Historic towns, old urban quarters, villages and hamlets, as well as historic landscapes make up a significant part of Europe’s identity: Natural heritage sites cover roughly 18% of the European land territory (The European Commission, 2018) and on average 22% of the European housing stock was constructed before 1946 (Nicol et al, 2016). These historic areas are deeply embedded in larger urban and rural environments, serving a role in preserving local identity and personality as well as local knowledge.
However, while negative impacts of climate-related and other hazards on contemporary urban areas are widely adressed in literature and research, their impacts on historic areas and their communities, have not yet been studied extensively. Climate change adaptation and disaster risk reduction also seldom register as a priority areas for heritage management.
Increasing the resilience of historic areas, with their unique structure, therefore calls for advanced decision support solutions that combine disaster risk management, climate change adaptation, and heritage management. These tools must enable municipal staff, practitioners and decision-makers to address both the chronic stresses posed by climate change as well as the shocks and existing risks posed by other disasters in collaboration with the local communities. However, to date, typical decision support solutions to increase resilience still consider disaster risk management and climate change adaptation in isolation.

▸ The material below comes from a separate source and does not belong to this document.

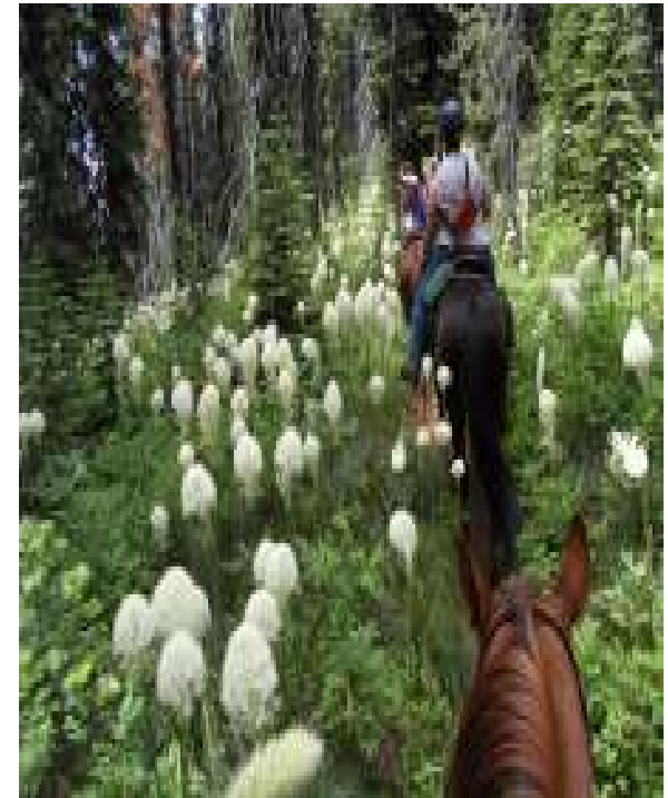
Photo above riding through the bear grass last summer.

In addition, these solutions need to take the unique physical, environmental, economic, social, cultural, and political aspects of historic areas, as well as the enabling conditions these areas provide for taking action into account.
However, tools and methods alone are not enough. They need to be supported by a stronger promotion of relevant public policies and participatory governance processes, which include residents from local communities and a general public. The awareness of climate change impacts on historic areas needs to be increased, resilience building strategies need to be included in heritage management policies and practices, while at the same time the role heritage can play for climate change adaptation and disaster risk reduction within the wider urban context has to be emphasized.

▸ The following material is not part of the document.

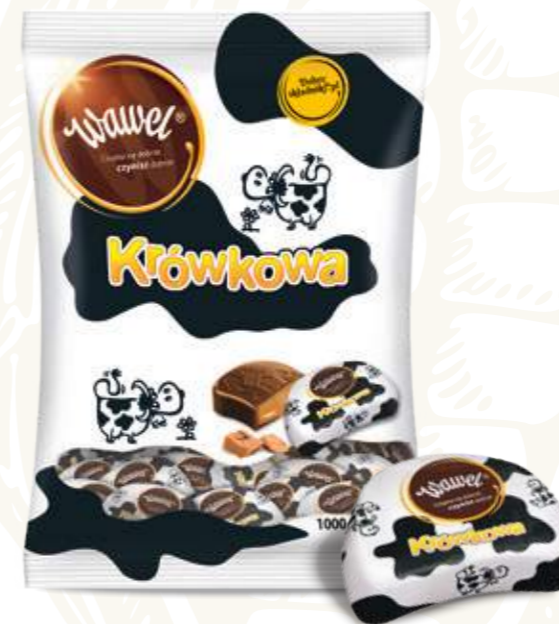
3 KRÓWKOWA – milk chocolate pralines with caramel filling

The EU Horizon 2020 research project ARCH took a step in this direction. It provided a resilience framework and a suite of tools for assessing and improving the resilience of historic areas. These solutions were applied in four city cases and distributed via a Mutual Learning Framework to 12 additional European cities and towns. Via this co-development and co-application, ARCH had significant impact on local resilience management of historic areas, breaking silos, and advancing integration between diciplines.
Finally, using the learnings from applying these solutions, ARCH made recommendations to decision-makers, practitioners, policy-makers, and researchers on how to make use of the opportunities provided by historic areas and how to adress still existing open challanges to increase their resilience.